__Work instructions__
Taking the line with "Illustrations include tastefully" as the first and the line with "KOTA QUEEN - Pure" as the last, set down exactly every line in that range from the entries below, and no more.

__Material for this task__

"""

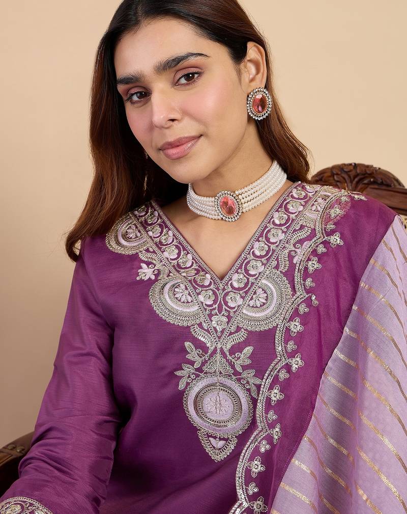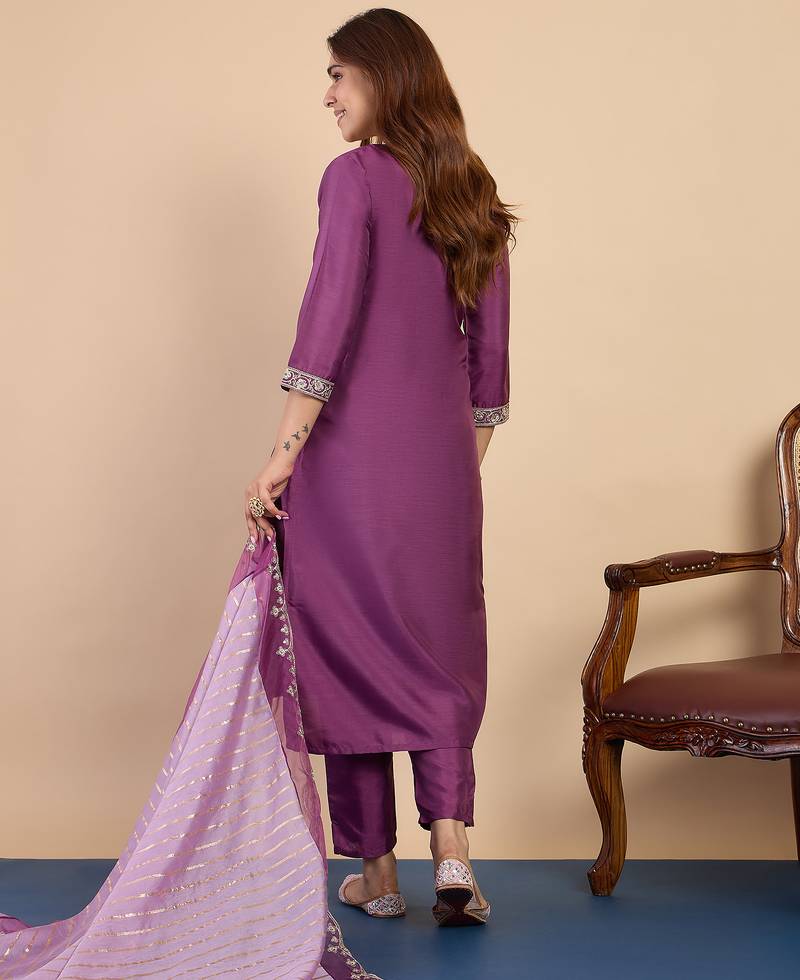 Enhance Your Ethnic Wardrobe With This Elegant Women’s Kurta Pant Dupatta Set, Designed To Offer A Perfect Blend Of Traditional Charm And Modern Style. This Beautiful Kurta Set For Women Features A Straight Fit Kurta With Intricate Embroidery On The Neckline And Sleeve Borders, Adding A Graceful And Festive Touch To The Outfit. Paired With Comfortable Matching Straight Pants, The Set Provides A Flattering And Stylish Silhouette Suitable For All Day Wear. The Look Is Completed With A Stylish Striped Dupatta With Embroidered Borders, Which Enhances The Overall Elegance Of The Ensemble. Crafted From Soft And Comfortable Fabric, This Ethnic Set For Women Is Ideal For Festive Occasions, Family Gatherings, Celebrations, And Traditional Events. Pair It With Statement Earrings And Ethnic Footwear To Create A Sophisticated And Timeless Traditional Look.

"""
"""

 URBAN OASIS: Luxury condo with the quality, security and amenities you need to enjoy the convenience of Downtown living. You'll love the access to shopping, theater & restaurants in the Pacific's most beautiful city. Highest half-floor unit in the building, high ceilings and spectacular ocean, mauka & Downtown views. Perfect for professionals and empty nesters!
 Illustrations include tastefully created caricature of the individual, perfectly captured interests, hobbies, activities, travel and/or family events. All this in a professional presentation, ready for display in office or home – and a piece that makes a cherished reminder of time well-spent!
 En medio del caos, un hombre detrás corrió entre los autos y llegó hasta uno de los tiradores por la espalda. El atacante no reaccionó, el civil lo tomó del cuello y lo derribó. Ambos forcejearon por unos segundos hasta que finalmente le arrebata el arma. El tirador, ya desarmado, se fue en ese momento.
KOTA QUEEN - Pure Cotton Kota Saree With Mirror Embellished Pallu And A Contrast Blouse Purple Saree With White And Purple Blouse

"""

__Response__
 Illustrations include tastefully created caricature of the individual, perfectly captured interests, hobbies, activities, travel and/or family events. All this in a professional presentation, ready for display in office or home – and a piece that makes a cherished reminder of time well-spent!
 En medio del caos, un hombre detrás corrió entre los autos y llegó hasta uno de los tiradores por la espalda. El atacante no reaccionó, el civil lo tomó del cuello y lo derribó. Ambos forcejearon por unos segundos hasta que finalmente le arrebata el arma. El tirador, ya desarmado, se fue en ese momento.
KOTA QUEEN - Pure Cotton Kota Saree With Mirror Embellished Pallu And A Contrast Blouse Purple Saree With White And Purple Blouse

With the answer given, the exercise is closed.